Daniel stared at her bent head.  Irrational guilt was like a hair shirt.  The catch in her voice had made him realize her situation wasn’t serious.  It bordered on desperate.

“Tell me what you want me to do,” he said.

Abby raised her head.  How could he help her when he didn't know how The Busy Bee was run?  If his offer of help was genuine, there was still a slim chance.  Desperation forced her into risking everything on one last throw.  "Discussions will achieve nothing.  The only way you can help is to visit the Busy Bee and give me on-the-spot recommendations."

Daniel frowned.  She was asking the impossible. 

"I'm afraid that's out of the question.  I’m long overdue for a vacation that starts tomorrow."

He saw the light dim in her eyes, the droop of her shoulders.  Her expression conveyed she hadn't expected anything more from him.  "I thought you might say that.  Well thanks anyway for talking with me.”

She was gone before he could say anything.  The door shutting behind her was like a reproach spoken aloud.

Daniel sank into a chair. Had he really ceased to care about the content of his speeches?  It had taken a total stranger to point out flaws he should have been aware of himself.  The emptiness that was so much a part of him these days, returned in full force.

Her face haunted him.  He rubbed a hand against his temple.  According to Jerry, his business manager, he'd become a phenomenal success.  If he was one, why hadn't he been able to help Abby Silver.

He couldn't remember details, only impressions.  Eyes as dark as shadows. The direct gaze, the questions at odds with the trembling lower lip.  Abby Silver had managed something no woman had in the last three years.  She had gotten under his skin.

This seminar has taken the last of my money.

The ring of truth in her voice as she had stated the fact, made him feel like a criminal.  His mind refused to let go of his last glimpse of her.  Defeated, sad, without hope.

His stomach tightened.  The feeling was a familiar one.  He had been like that three years ago.  Today was the anniversary of his accident.  Daniel flexed his hands.  Their stiffness was a grim reminder that life was like a board game...unexpectedly one could suddenly find oneself back at the starting line.  He didn't like the thought he was partly responsible for pushing Abby Silver to that point. 

Her suggestion that he make a personal survey of the store was impractical.  If he set a precedent like that, others would expect the same from him.  He'd had to turn it down. 

I didn't think you would, but I had to ask.

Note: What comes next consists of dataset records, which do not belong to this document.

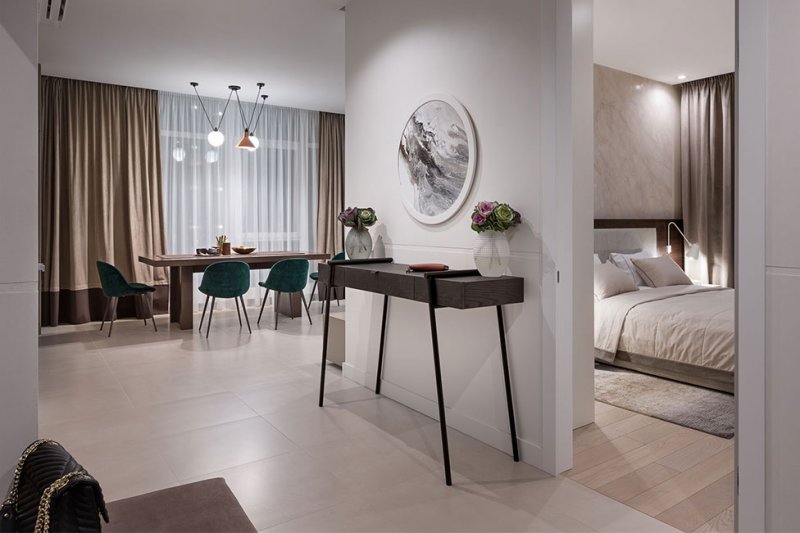 Дизайнеры сразу решили, что интерьер должен быть максимально уютным, легким, не давящим на хозяев и гостей. В основу концепции легла функциональность. По желанию заказчиков, в квартире выделили две полноценные спальни, каждая со своим санузлом, и очень просторную общую зону с гостиной, столовой и кухней, в которой всегда много света и воздуха.
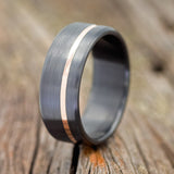 • Ring Style: A handcrafted men's wedding ring featuring a 14K rose gold inlay with a brushed finish
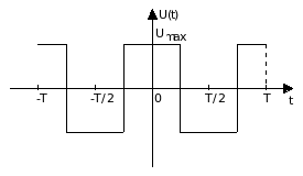в виде меандра, график которого показан на рисунке, а временная зависимость описывается в виде:
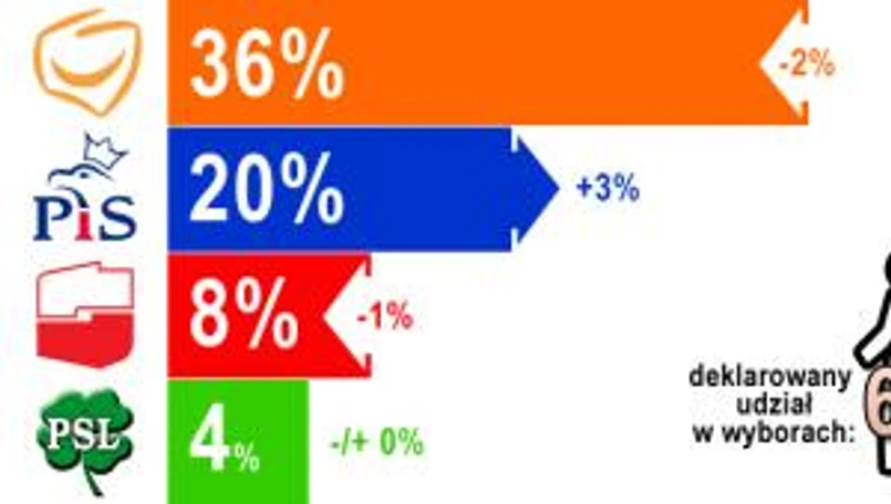 Zmalała również grupa ankietowanych, chcących oddać głos na SLD - o 1 punkt procentowy. PSL dokładnie tak samo jak w lipcu znalazło się poniżej progu wyborczego z wynikiem 4 proc.
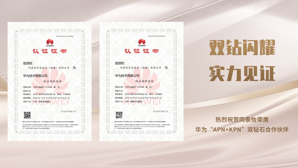 连续获得华为两大计算体系的钻石部件伙伴认证,是对同泰怡团队和战略方向的双重肯定。“钻石部件伙伴”授权意味着同泰怡不仅获得了华为顶尖计算硬件的集成许可,更代表研发实力、产品能力、质量管理体系及对行业客户需求的理解,均获得了华为最高层面的认可。此次与华为在鲲鹏与昇腾两大技术体系上的深度融合,将使同泰怡的行业方案与产品如虎添翼。
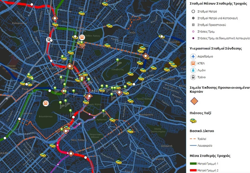 το βασικό δίκτυο γραμμών και στάσεων του ΟΑΣΑ (λεωφορεία, τρόλεϊ, μετρό, τραμ),
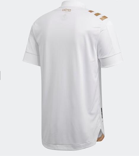 nueva Camiseta de la 2ª equipación Atlanta United 2020 Después del primer partido inaugural de color gris / rojo 2017 y el número gris claro / melocotón 2018, el equipo de visitante Atlanta United 2020 de Adidas es principalmente blanco con las 3 rayas y logotipos que aparecen en ‘dorado claro de fútbol’.
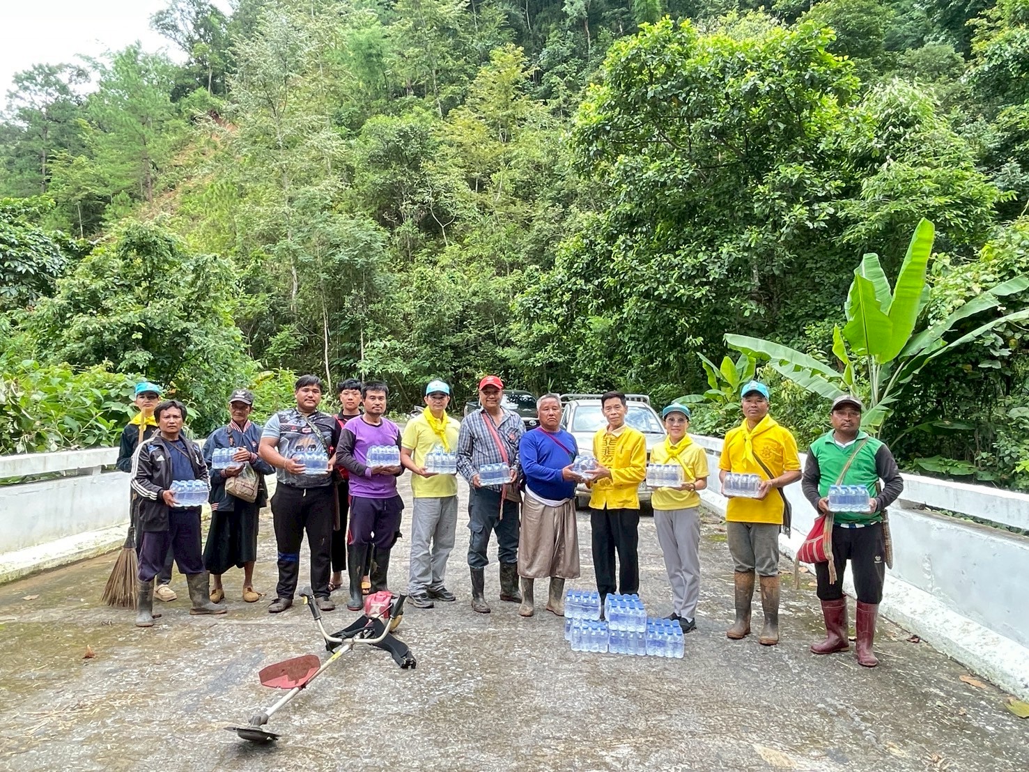 นายบุญทา จันทรา นายกอบต.ม่อนปิ่น พร้อมด้วย นางอารีย์ สุริยะ รองนายก อบต.ม่อนปิ่น ร่วมกิจกรรมจิตอาสาพัฒนาและปรับปรุงภูมิทัศน์เส้นทางด่านปางตอง - บ้านขอบด้ง เนื่องในโอกาสวันเฉลิมพระชนมพรรษา พระบาทสมเด็จพระเจ้าอยู่หัว 28 กรกฎาคม 2568
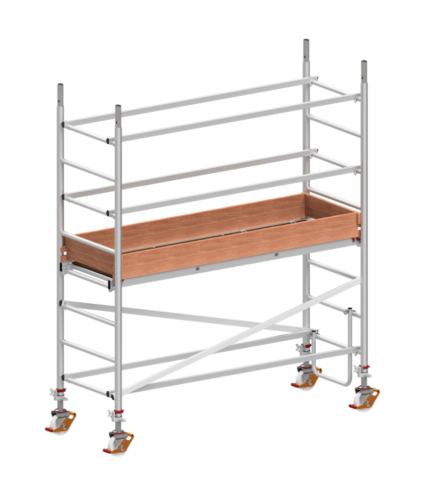 Hliníková pojazdná pracovná plošina EUROFORM so šírkou podlahy 0,61 m a dĺžkou podlahy 2,08 m. Plošinu možno umiestniť do maximálnej výšky 1,25 m.Konštrukcia pojazdného lešenia je na princípe stavebnicového prevedenia. Jednoduché zostavenie bez náradia je umožnené systémom nasúvacích spojov, rýchlospojok, uhlopriečnych a pozdĺžnych zavetrovacích tyčí. Od pracovnej výšky 7,27 m je lešenie vybavené 4 stabilizačnými tyčami, ktoré sú upevnené pomocou kovania. Toto umožňuje prispôsobenie sa terénu. Pri použití blízko pri stene stačia 2 úchytné kovania. Stabilné pojazdné kolieska - 150 mm sú s dvojitou brzdou. V zabrzdenom stave smerujú dovnútra lešenia, čím sa zvyšuje celková stabilita. Nosnosť plošiny je 200 kg.
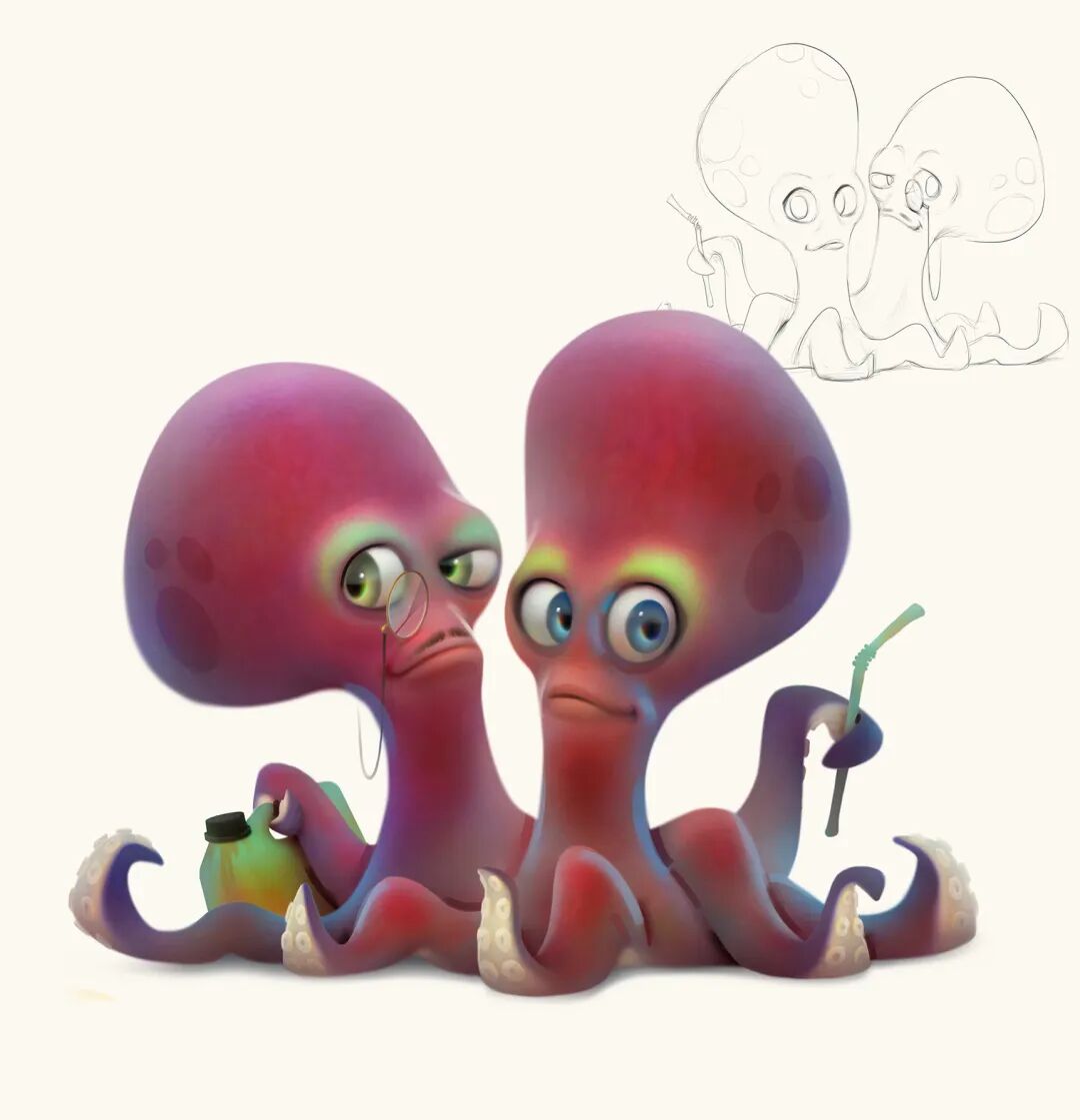 Aleksey Baydakov最擅长卡通漫画风格的角色设计,作品色彩鲜艳充满童趣,他将笔下动物的主要特征进行了变形夸张以及拟人化的创作,角色萌感十足质感细腻,非常生动有趣。
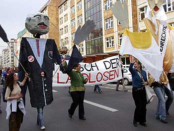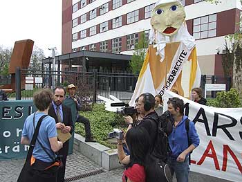 Zwar waren wir mit 50-100 Leuten keine große Demo, trotzdem gelang es uns viele PassantInnen aufmerksam auf uns und neugierig zu machen. (Fortsetzung: unten) - Anne (Aktionsnetzwerk) - |
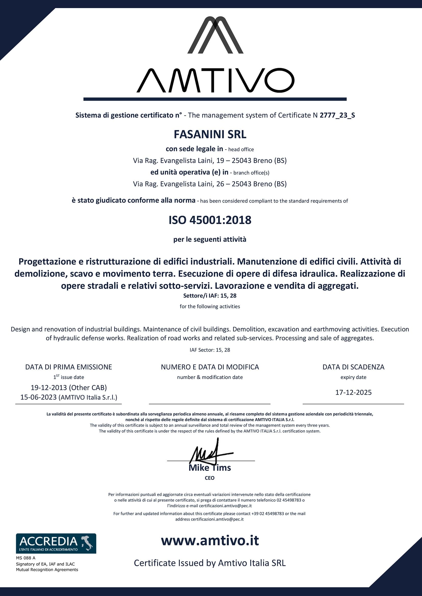 SISTEMA GESTIONE SALUTE E SICUREZZA SUL LAVORO ISO 45001:2018
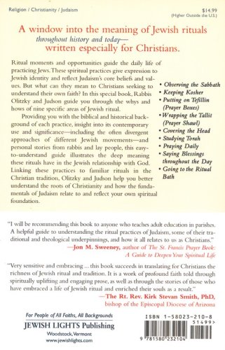 Ritual moments and opportunities guide the daily life of practicing Jews. These spiritual practices give expression to Jewish identity and reflect Judaism's core beliefs and values. But what can they mean to Christians seeking to understand their own faith? In this special book, Rabbis Olitzky and Judson guide you through the whys and hows of nine specific areas of Jewish ritual. Providing you with the biblical and historical background of each practice, insight into its contemporary use and signifigance – including the often divergent approaches of different Jewish movements – and personal stories from rabbis and lay people, ths easy-to-understand guide illustrates the deep meaning these rituals have in the Jewish relationship with God. Linking these practices to familiar rituals in the Christian tradition, Olitzky and Judson help you better understand the roots of Christianity and how the fundamentals of Judaism relate to and reflect your own spiritual foundation.
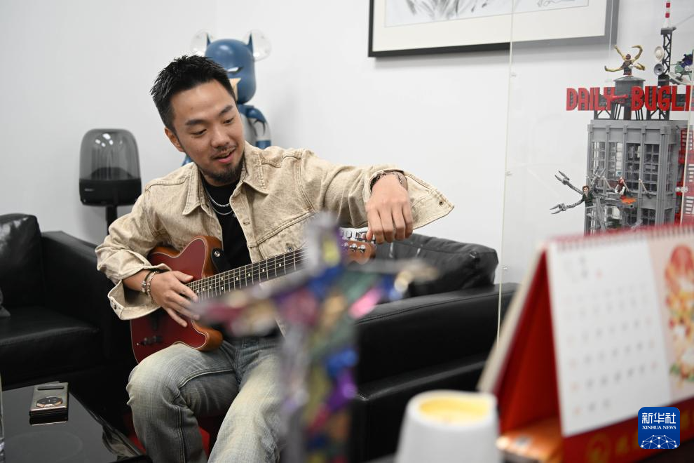 12月13日,邱志晖在珠海的办公室内调试吉他。
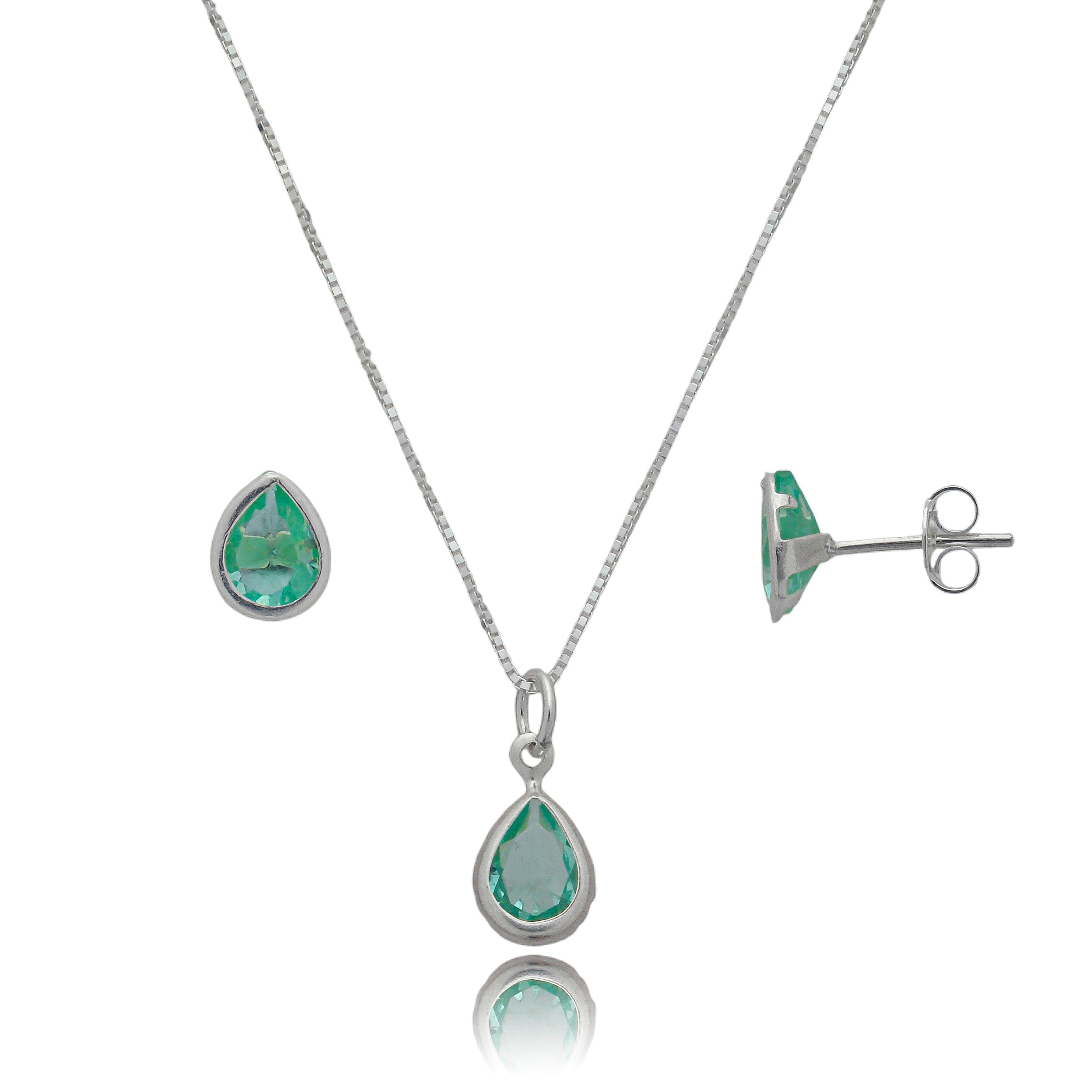 Conjunto Gota Embutido 6x8mm -Verde Paraíba- Prata 925
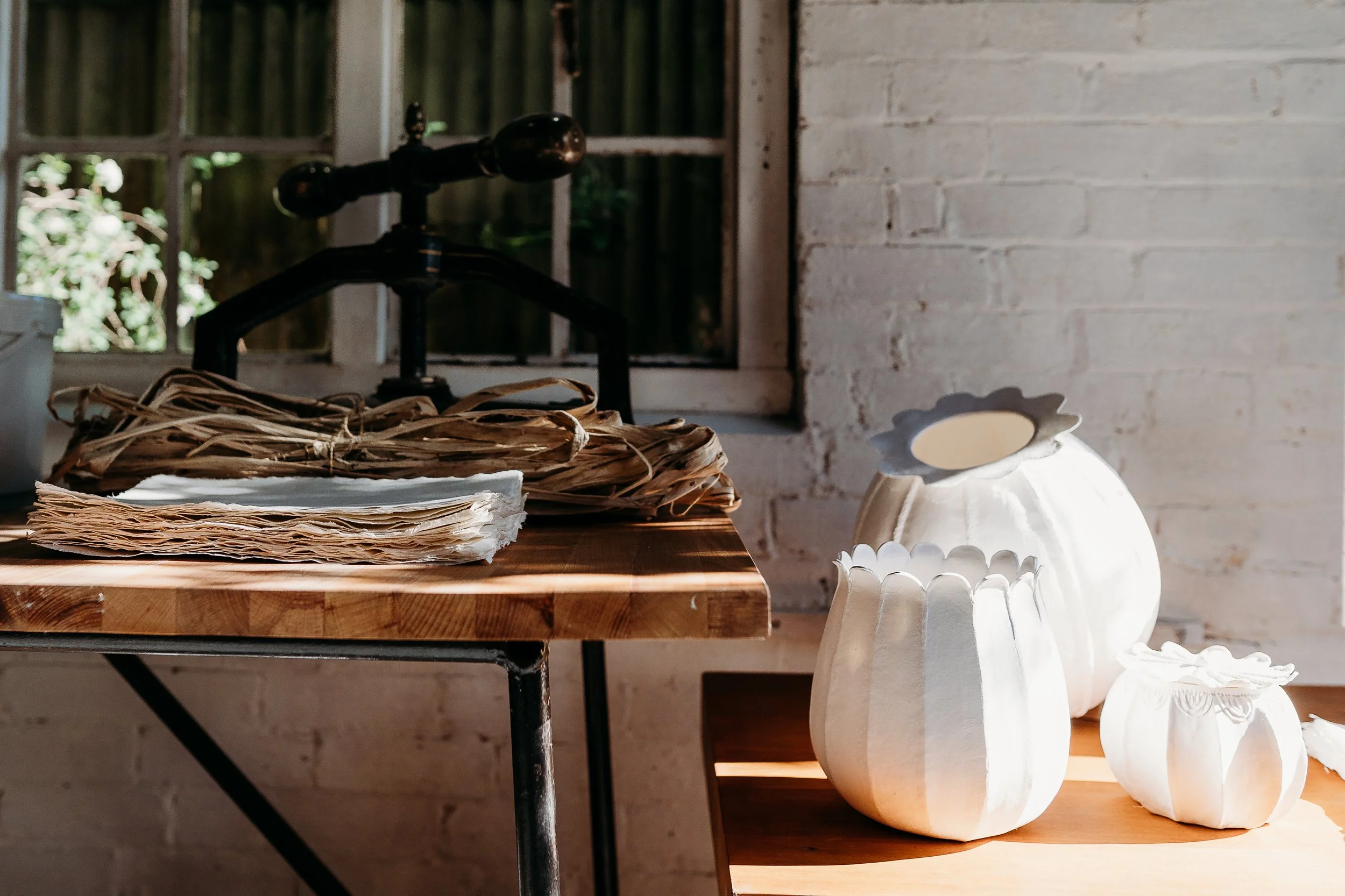 The fibres I use are derived from linen, cotton, banana leaf and mulberry shoots. Flax (linen) and kozo (mulberry shoots) offer fantastic strength through the length of their fibres and abaca (banana leaf) is much loved for its softness and creamy colour.
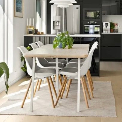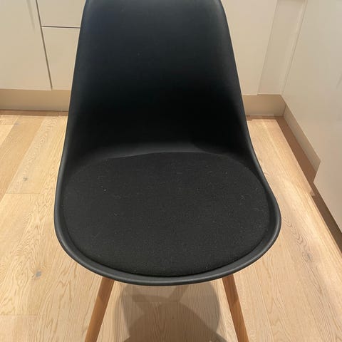 Stolen er i god stand og solid konstruksjon. Setet har noen flekker som ikke går bort med vanlig klut, men som muligens kan fjernes med grundig vask eller rens. Selges derfor samlet til redusert pris.
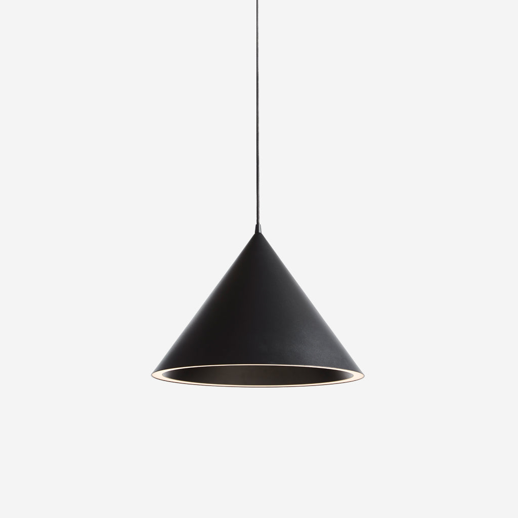 The Annular pendant is a modern interpretation of the classic cone pendant. It pairs two primary forms; a conical shade paired with a perfect ring of light at the perimeter. Annular is a result of rethinking the light. The innovative use of led makes no bulb visible creating a clean expression. The cone is evocative of a classic pendant form while the ring-shaped light source is boldly graphic and resolutely contemporary.
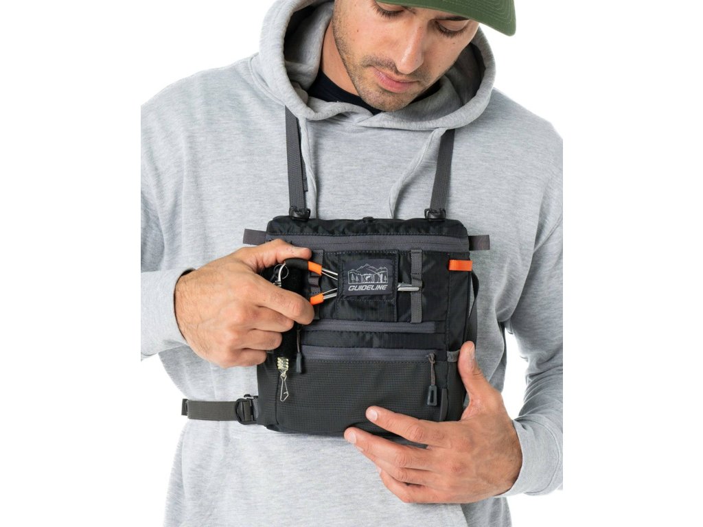 Guideline Experience Chest Pack je promyšlená a vysoce funkční náprsní taška, kterou si nastavíš podle toho, jak lovíš. Primárně ji připneš na ramenní popruhy brodicích kalhot (nezáleží na značce), ale při hlubokém brodění ji můžeš nosit i kolem krku díky nastavitelnému polstrovanému popruhu. Stejně snadno ji připneš k ramenním popruhům batohu Guideline, k zadnímu panelu vest Experience nebo k bedernímu pásu broďáků / batohu / ledvinky — a právě v tom je její univerzálnost.
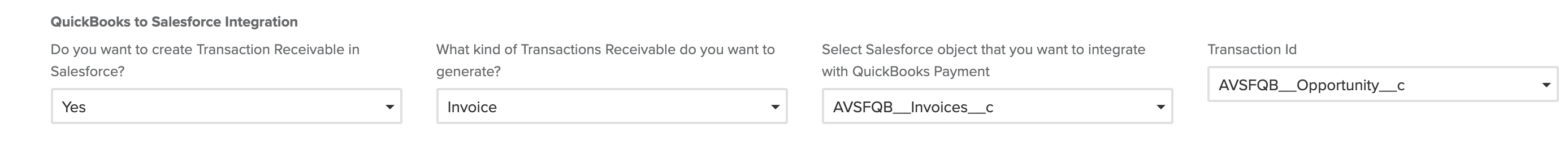 * **Select Salesforce object that you want to integrate with QuickBooks Transactions**\

Daniel sighed.  She'd inferred he wasn't the type to bother about a small cog in the big world of business. 

Had success hardened him to the point where he really didn't care about people anymore?  He had conducted these seminars for three years.  No one had ever challenged him, judged him, and found him wanting.

It wasn't a comfortable feeling to know Abby Silver had done all three.  That she might be right.

If he couldn't put into practice what he advocated in these seminars, he was no better than a con artist.